The research shows that, once again, the top area for tax inefficiency is tax credits, resulting in £7.26 billion being lost simply by people failing to claim their child tax credits, working tax credits and pension credits. Failure to make use of tax relief on pension contributions is the second biggest area of tax wastage (over £2.45 billion), followed by tax inefficient charitable donations (over £997 million).
Unbiased.co.uk’s data also shows that 85% of people state they have done nothing in the past 12 months to reduce the amount of tax they pay. But of those who have not taken any steps over the past 12 months to reduce their tax liability, half (50%) believe they are already being as tax efficient as possible.
Karen Barrett, Chief Executive of unbiased.co.uk comments: “As of next week we will be unofficially ‘tax free’. Although it’s nice to be able to think that you have stopped paying the taxman and started paying yourself, five months is still a significant amount of the year and our research reveals the top areas where we could be drastically reducing the amount we waste through unnecessary or unclaimed tax. Those looking to tackle their tax properly and ensure the right structures are set in place for their future should speak to an independent financial adviser who can offer guidance, advice and, more importantly, help you take action.
“An IFA will be able to review your current financial situation and work out exactly where you could improve your tax efficiency or where you could reclaim tax from the government. The grip on consumer spending is becoming even tighter and in the current tough economy it’s important that we help ourselves to be as efficient as we can with our finances. So take tax action now to move your personal Tax Action Day forward and reclaim and keep the money that is rightfully yours – to find an IFA near you who can help you manage your tax affairs visit http://www.unbiased.co.uk and simply enter your postcode.”
Tax Saving Tips from unbiased.co.uk’s IFAs:
1. Mel Kenny (Radcliffe and Newlands) – Don’t forget to claim your tax relief
“If you are a higher rate taxpayer, then you need to pro-actively contact your tax office to claim the additional 20% tax relief owed to you. Unfortunately few do this and are missing out on potentially hundreds of pounds. If you have been missing out on this relief for years, the good news is you can make a backdated claim. The same principle applies if you have been contributing to an employer’s group personal pension or simply a personal pension scheme out of your after-tax pay. Higher rate tax payers have to claim their extra relief - be careful, you might find you have additional taxes due too!”
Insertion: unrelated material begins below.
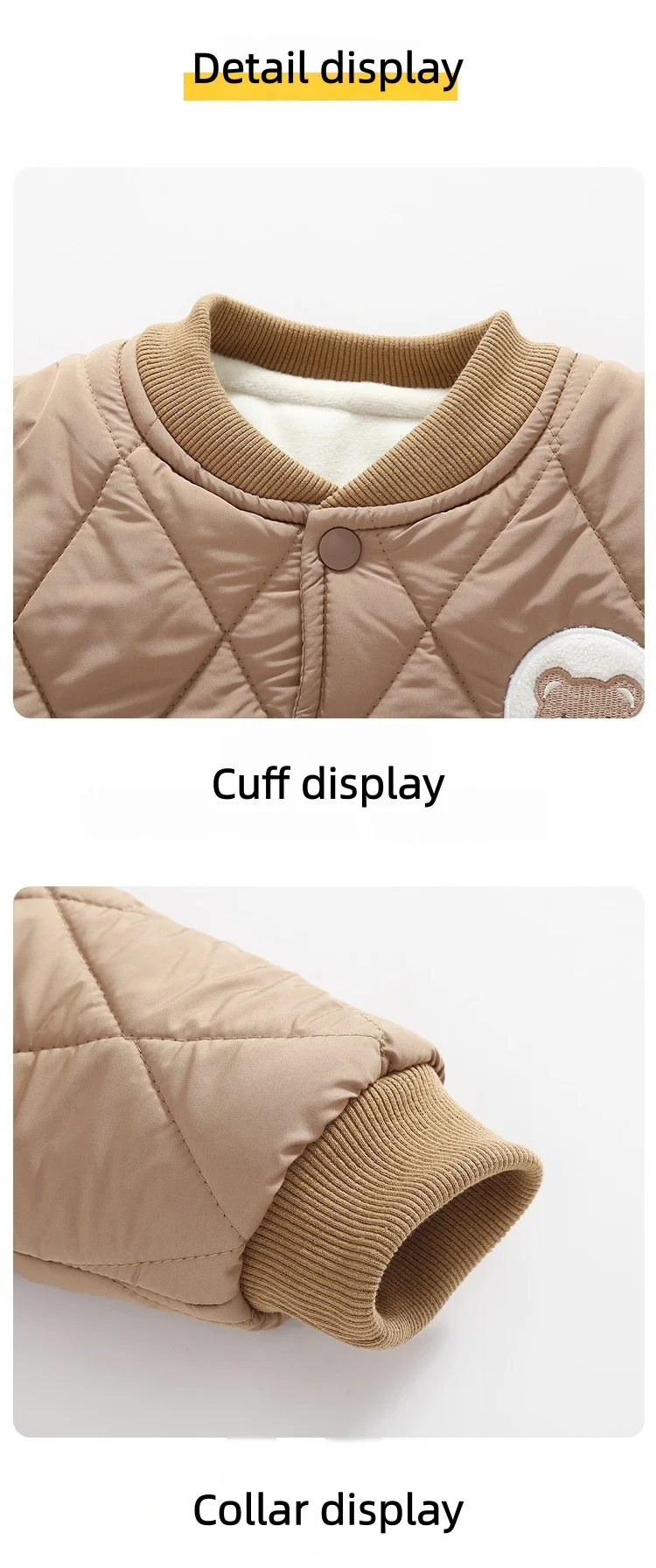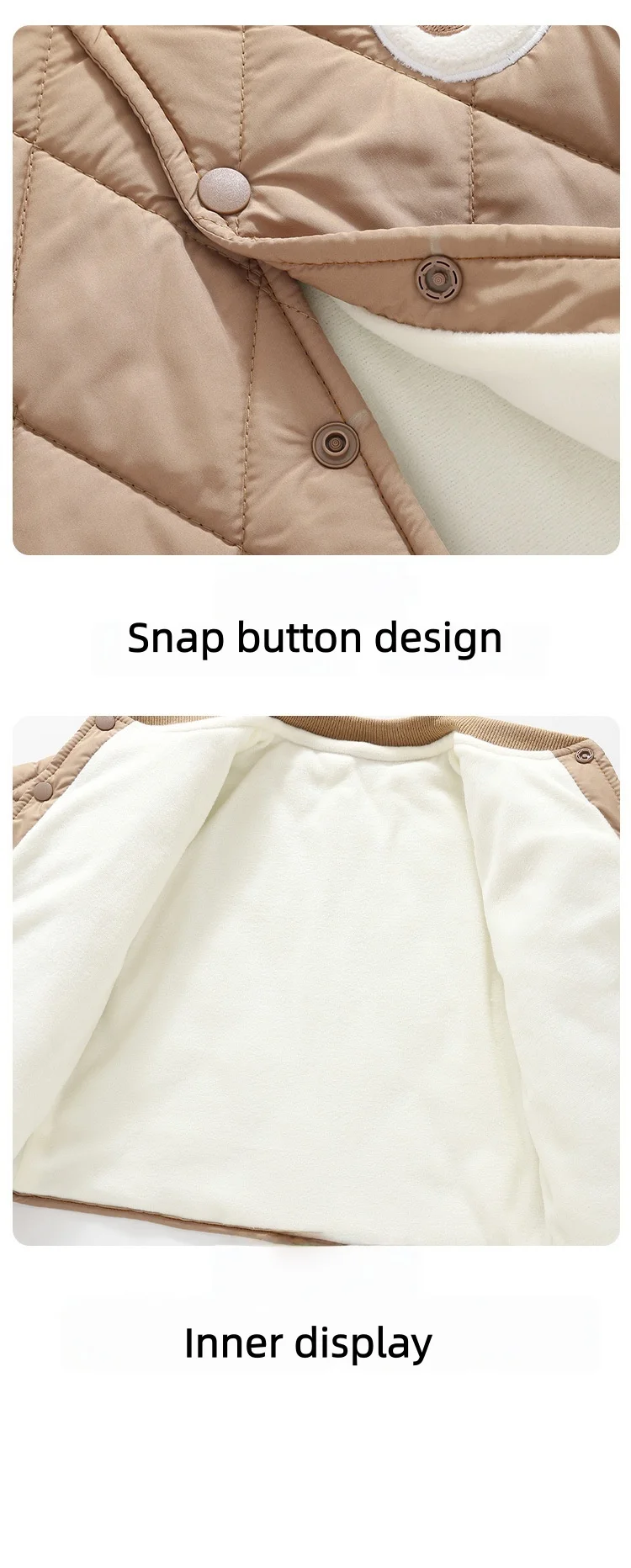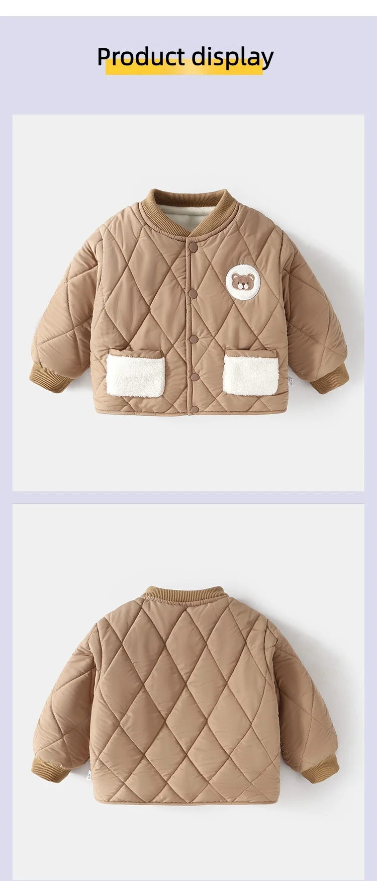 This jacket is important because it provides warmth, comfort, and protection for children during cool and cold weather. It is designed with soft padding and a quilted structure that helps keep body heat inside while remaining lightweight and easy to wear. The gentle fabric is safe for children’s sensitive skin, making it ideal for everyday indoor and outdoor use.
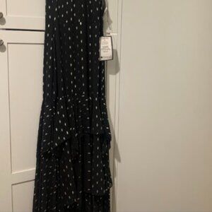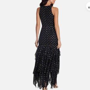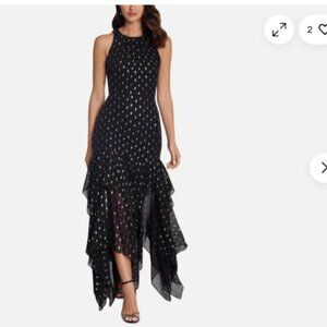 NWT Betsy & Adam Clipped Dot Chiffon Dress Size 6, Black with Metallic Detail

2. Jason Witcombe (Evolve) – Make the most of tax breaks
“Take time to understand your tax position so as to make the most out of tax breaks on pensions and charitable donations. In the current tax year, for people under 65 your 20% income tax starts at £8,105; 40% tax starts at £42,475; there is an effective 60% tax rate for income between £100,000 and £116,210 and then 50% tax starts at £150,000. Furthermore, child benefit will start to be lost at £50,000. Planning around these thresholds can make your money work much harder for you.”
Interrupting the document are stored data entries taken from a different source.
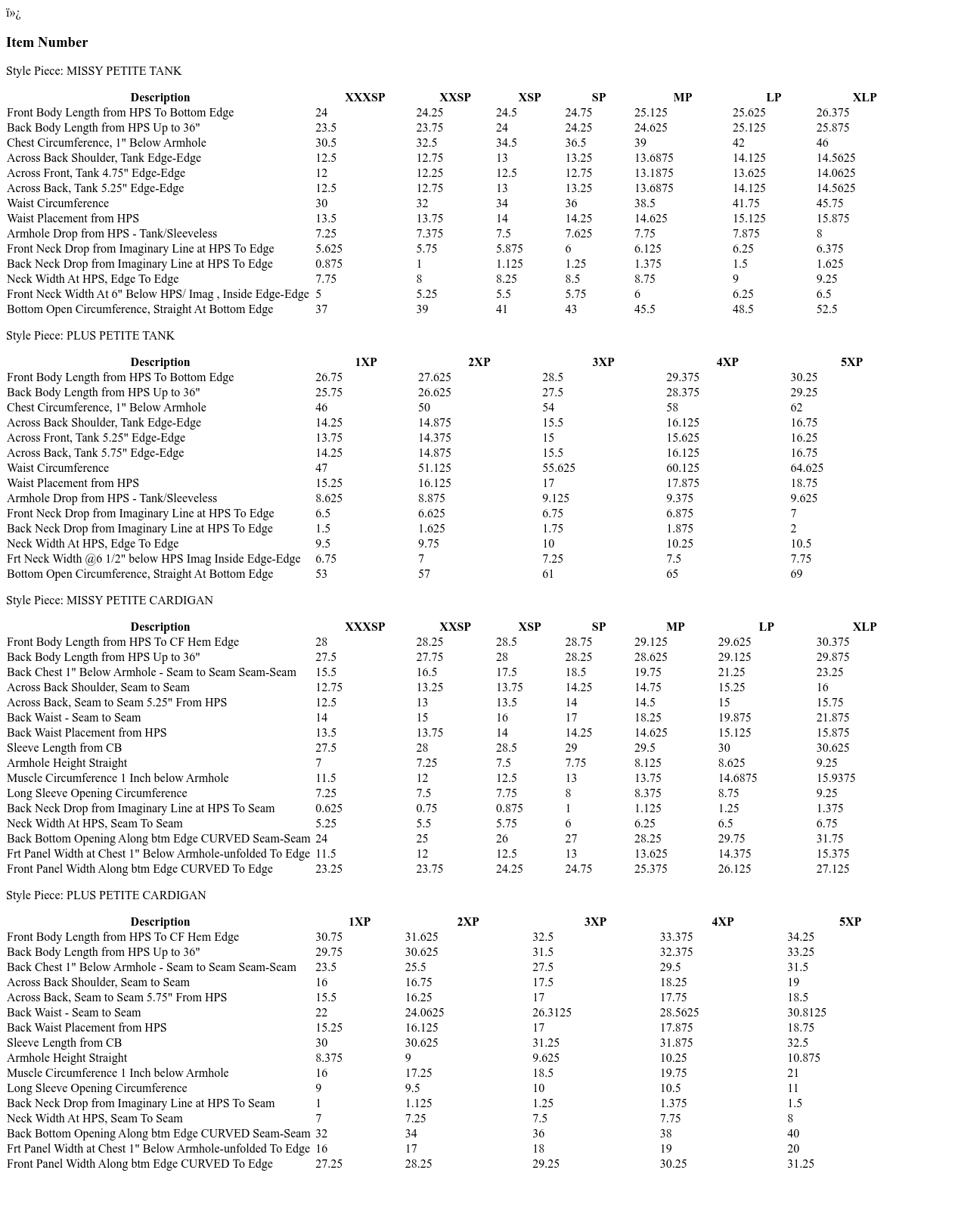 - Tank Length: petite missy length 24-1/2" to 26-3/8"; petite plus length 26-3/4" to 30-1/4"
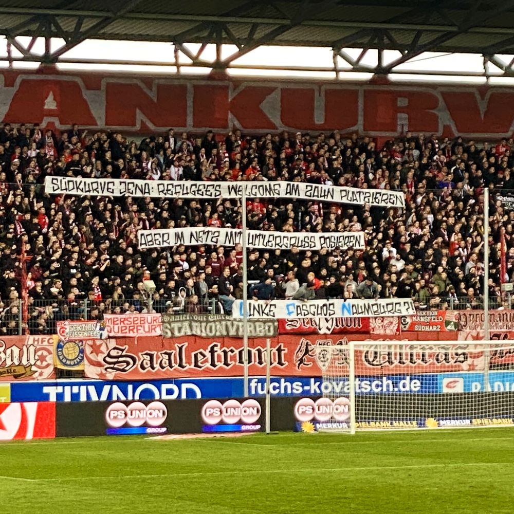 Die Heimkurve hatte übrigens ebenso Tapetenrollen beschrieben und warf der verfeindeten Szene aus Jena u. a. vor sich vergangene Nacht in Naumburg bei einer möglicherweise vorab verabredeten Auseinandersetzung nicht gestellt zu haben. Außerdem wurde kolportiert, dass wohl ausgerechnet FCC-Szeneleute aus Naumburg in der Vergangenheit mit Hitlergrüßen aufgefallen sind und die Frage in den Raum geworfen, wie dieses Verhalten mit dem antirassistischen Grundkonsens der Südkurve in Einklang zu bringen sei.
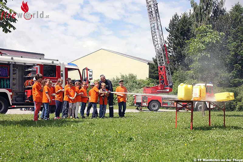 WAIDHOFEN AN DER THAYA (NÖ): Am 22. Juni 2015 verbrachten die Schülerinnen und Schüler der drei 3. Klassen der Volksschule Waidhofen/Thaya den Vormittag bei der Freiw. Feuerwehr, wo sie zum Ende des Schuljahres einen nicht alltäglichen Schultag erleben konnten.
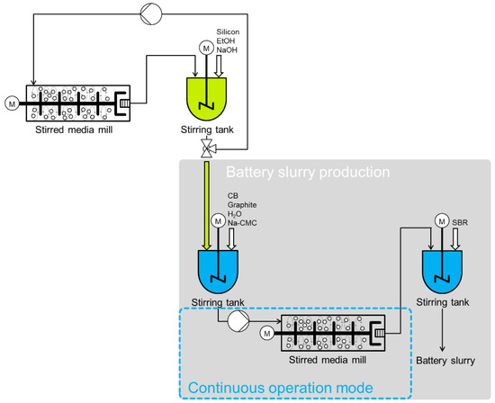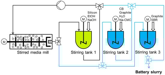 As it was already known that one to a few mill passages would be sufficient for the size reduction in the carbon black, the strategy was chosen to process all battery slurry components together within a passage-based operation of the mill. An exception was made regarding the silicon particles, which needed to be ground to such fine values that the circuit operation of the mill was chosen upstream. Thus, this process step was identical to the silicon grinding step of the reference process.
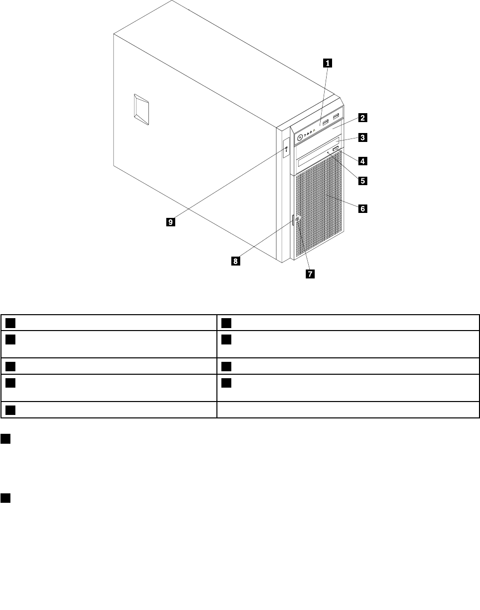 Thefollowingillustrationshowsthefrontviewoftheserver.
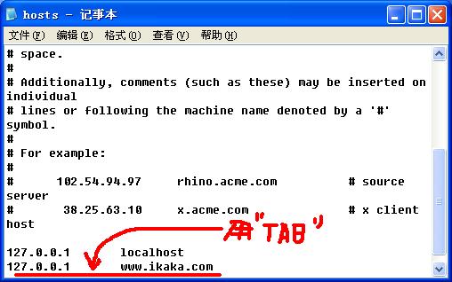 图5:进入HOSTS的内容后,将光标定位到已有内容的下一行(不可接着原有内容打),输入127.0.0.1+你想屏蔽的网站地址(如我图中填入的新内容,则表示屏蔽了卡卡论坛),然后保存退出。
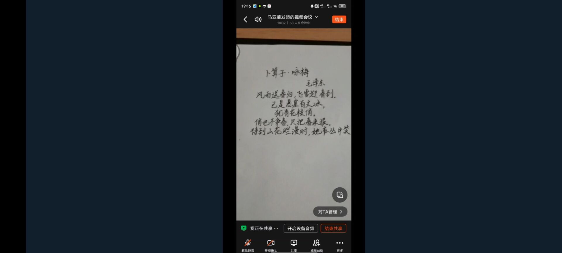比赛开始前,参赛学生准备好以传播正能量,弘扬爱国主义精神为主的规范字作品。晚上七点,同学们准时进入钉钉视频房间参与活动,青年发展部负责人马亚菲担任本次活动的主持人。在马亚菲向在场选手讲解了本次活动的初心后,比赛正式拉开帷幕。参赛者根据姓氏序号依次进行作品展示,并在三分钟内用标准的普通话说明个人作品的内容以及自己的真实感受。作品展示完毕后,现场评委依据作品内容、选手讲解依次评选出一等奖张瑛琪、二等奖李旭、赵安琪、三等奖李晨龙、刘雨、刘姝昕。活动最后,马亚菲总结道:“本次比赛以推广普通话为主题,评判的标准主要以个人展示环节为主,字的规范性为辅,希望获奖的同学再接再厉,未获奖的同学继续努力,争取在下次活动中取得佳绩。”历经两个小时,本次活动在同学们的积极配合下圆满结束。

3. Dan Clayden (Clayden Associates) - Check if you’re holding your investments in the correct tax wrapper
“Making sure that you select the correct tax wrapper for your savings and investments is probably more crucial than ever. The current tax regime sees individuals liable to income tax at the ‘additional’ rate of 50% on income over £150,000, personal allowances reduced when income exceeds £100,000 and for higher rate tax payers, capital gains are now taxed at a rate of 28% – which now affects even more taxpayers since we’ve seen the basic rate tax band reduced in April. So if you don’t choose the most appropriate tax wrapper you’ll probably end up paying more tax than you need to ... and no-one likes doing that!”
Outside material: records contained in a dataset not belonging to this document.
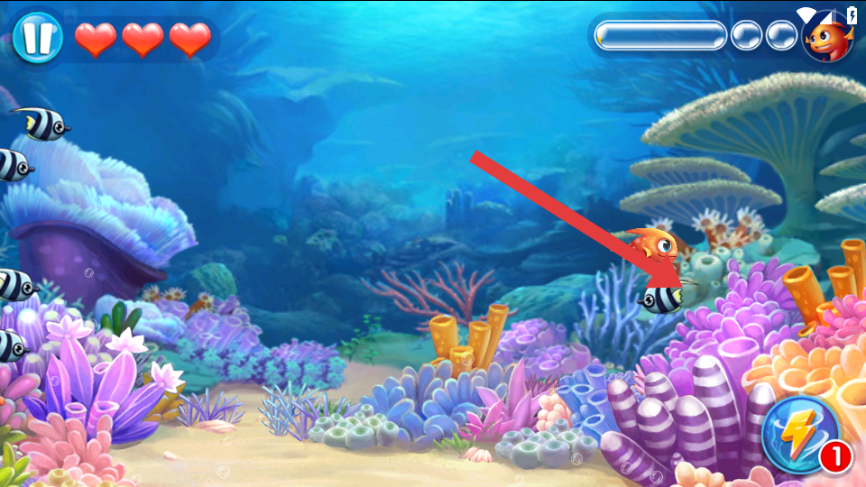 1、进入游戏,操控橙色小鱼初始的形态,移动角色吃小鱼,积累成长的经验,留意左上角的血量。
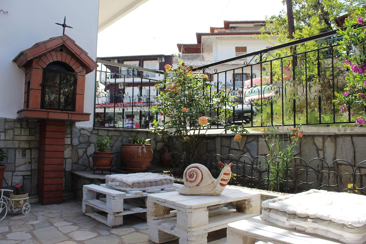 "Vi välkomnar dig till vårt ställe, som vi har ordnat så att du kan få en trevlig vistelse . Rummen och hela huset är nybyggda och färdiga 2022. Vi ligger 150 meter från centrum av Neos Marmaras och 50 meter från huvudstranden, i ett lugnt grannskap som ger dig tillgång till soupermarknader, restauranger ,kaféer, barer och underhållningsställen bara 5 minuters promenad. Du får en fullständig uppdatering när du checkar in
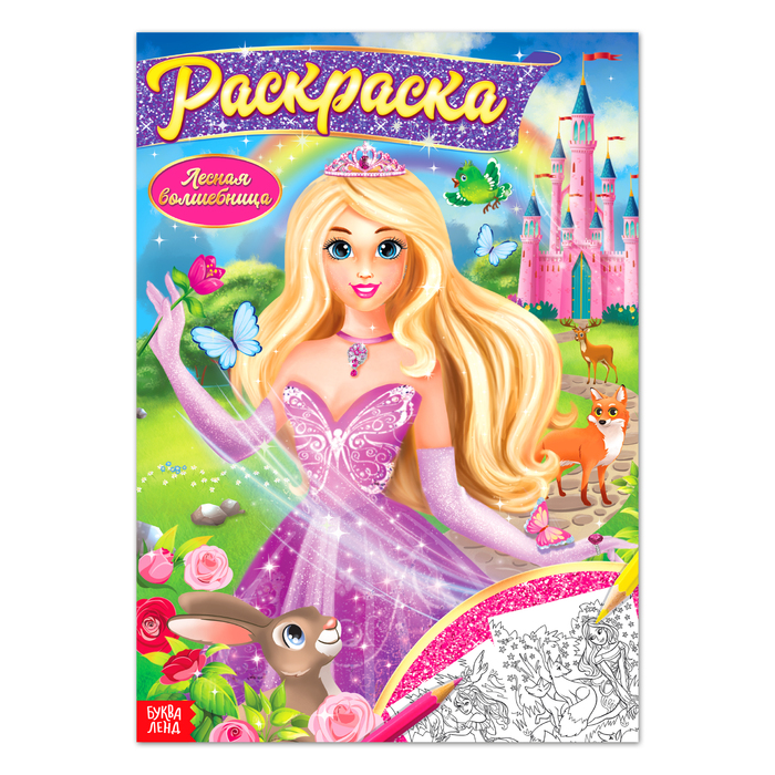 Раскраска «Волшебное королевство» — книга с контурными изображениями принцессы, замка, животных и других обитателей сказочного царства. Малышка сможет их раскрасить карандашами, красками или фломастерами. Страницы и обложка выполнены из бумаги.
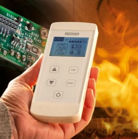 Hybridní kamna E228 D-S můžete používat stejně jako normální kamna na dřevo. Chcete-li ovšem přijet do vyhřátého domova když není nikdo doma, nebo nechcete bojovat s rozpalování kamen, pak si můžete kamna naprogramovat a ta se automaticky spustí na spalování pelet, než přijedete.

4. Joss Harwood (Eldon Financial Planning) – Imagine that the tax year ends in the summer
“Imagine that the tax year ends in the summer, not next March and resolve to consider the tax efficiency of your affairs by the end of September. That gives plenty time to receive all the paperwork relating to the tax year just past, and clear up any queries. This also leaves you time to submit a self assessment return by the end of October if appropriate. You will also give yourself a longer period to make tax efficient regular contributions to pension arrangements and ISAs in the tax year and ultimately you can have a well-deserved moment of self satisfaction!”